Nottinghamshire Healthcare NHS Foundation Trust hold thousands of patient feedback records that contain invaluable comments about what was best, what went wrong and how services could be improved. Identifying what most patients talk about, and what the general sentiment about the services is, are key variables in helping decision-makers (e.g. ward managers) understand, prioritize and act upon any issues.

Reading through all patient feedback comments, identifying issues and summarizing them in a way that can aid decision-making, can be time-consuming and requires several staff hours.

How can we take some work off the shoulders of staff? And how can we be confident that we identify burning issues in a timely manner?

We can automate much of the process with the power of algorithms: Text Mining "[...] is the process of transforming unstructured text into a structured format to identify meaningful patterns and new insights." (IBM, 2021).

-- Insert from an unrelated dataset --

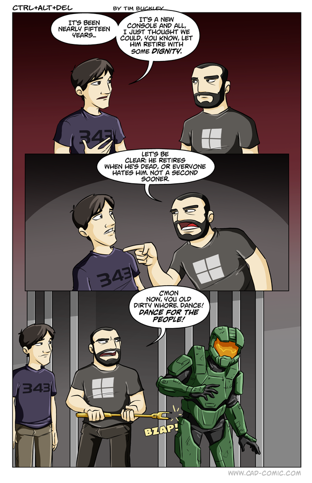 First Previous Random Next Last | 2 Share You are currently browsing the archive for Ctrl Alt Del First Previous Archive Random Next Last | 2 Share Tweet 24 Old horse October 15, 2014 by Tim Subscribe Notify of new follow-up comments new replies to my comments Label {} [+] Name* Email* Δ Label {} [+] Name* Email* Δ 2 Comments Oldest Newest Most Voted Inline Feedbacks View all comments Puretra 5 years ago Lmaooooooo Cakexifx 1 year ago It would be a cool addition if he poked him with the Halo energy sword

In this project, we use text mining to efficiently process thousands of patient feedback text comments. We feed the results of our analysis into an interactive dashboard to translate complex findings into illuminating and actionable insights.

The interactive dashboard can be shipped as an R package and it comes with real open-source patient feedback text records for demonstration purposes. A key feature though is that it can be used with any text dataset from any organisation. We are offering the possibility of hosting the dashboard for different text data on our server. Here is an example with our own data.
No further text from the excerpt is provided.